The Australian Criminal Intelligence Commission (ACIC) uses its capabilities to make Australia hostile to criminal exploitation. We illuminate the criminal environment and support partners to apply maximum pressure on the most significant transnational serious organised crime threats we face.
ACIC’s unique coercive powers, including the power to conduct examination of witnesses, are at the centre of our agency’s operational effort and set us apart from traditional police services. Our coercive powers enable us to collect intelligence and generate insights into the criminal environment.
The ACIC currently has one full-time examiner and 2 part-time examiners, based in Sydney and Adelaide, all of whom have extensive experience in the legal profession. The Australian Government has appointed 3 new full‑time Examiners to Brisbane, Melbourne and Perth to join the existing Examiners at the ACIC and to ensure national coverage, enhancing our coercive powers capability.
With the increased national reach and range of specialised skills sets bolstered by additional Examiners, our agency is able to continue increasing the pressure on criminal networks.
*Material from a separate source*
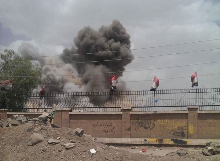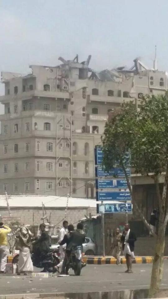 استهدف طيران التحالف ظهر اليوم الأربعاء 8 ابريل 2015 عمارة كبيرة أمام حديقة الثورة بأمانة العاصمة...

Just like criminals seek to exploit vulnerabilities and perceived gaps in law enforcement, these additional Examiners enhance our ability to exploit vulnerabilities in serious and organised crime networks.
Our coercive examination program is supported and informed by our intelligence operations including technical intelligence, human intelligence and data analytics capabilities. From these 4 pillars of core collection capability we create strategic assessments, operational insights and disruption impacts. This leads to an enhanced picture of serious and organised crime, and identifies vulnerabilities for policy, legislative and regulatory reform.
Coercive powers are one of the tools we use to exert maximum pressure on all levels of the criminal enterprise, which have proved highly resilient to traditional law enforcement methods. The ongoing appropriate use of our agency’s powers provides a mechanism for law enforcement agencies to optimise disruption of the entities on our Australian Priority Organisation Target (APOT) list. The APOT list currently has 17 entities of which 16 are located offshore. It includes individuals as well as domestic threat and high-risk organisations, a financial facilitator network and one cybercrime network.
The ACIC takes contempt of its coercive powers seriously and we will not hesitate to seek prosecution of persons summonsed under the Australian Crime Commission Act 2002 (Cth) who fail to answer questions or provide misleading or false evidence. The ACIC is currently pursuing a contempt matter in the Federal Court of Australia in relation to a person’s failure to answer questions which an examiner required him to answer.
On 5 February 2021, EVA20 (Court appointed pseudonym) pleaded guilty to 6 charges of contempt of the ACIC. On 6 May 2021, EVA20 was sentenced to imprisonment until further order of the Court. In the event that EVA20 purges his contempt there will be the opportunity for the continuation of his imprisonment to be reviewed. He has not purged his contempt.
On 3 December 2020, CRA20 (Court appointed pseudonym) was found guilty of contempt of the ACIC in the Federal Court of Australia as he refused to answer 14 questions which an Examiner required him to answer. He was sentenced and served an 8-month term of imprisonment. On 22 November 2019, the Federal Court sentenced BYF19 (Court appointed pseudonym) to 8 months imprisonment, to be released after serving 4 months, the remainder of the sentence to be suspended on the basis that the respondent be of good behaviour for a period of 2 years.
On 19 October 2018, DHK18 (Court appointed pseudonym) was sentenced in the Federal Court to an indefinite period of imprisonment. On 25 July 2019, DHK18 appeared before an examiner and purged his contempt. On 16 August 2019, the Federal Court handed down its decision regarding DKH18’s application to review the continuance of the indefinite sentence imposed and ordered that DKH18 be released from custody. At the time of his release, DKH18 had served approximately 10 months in custody.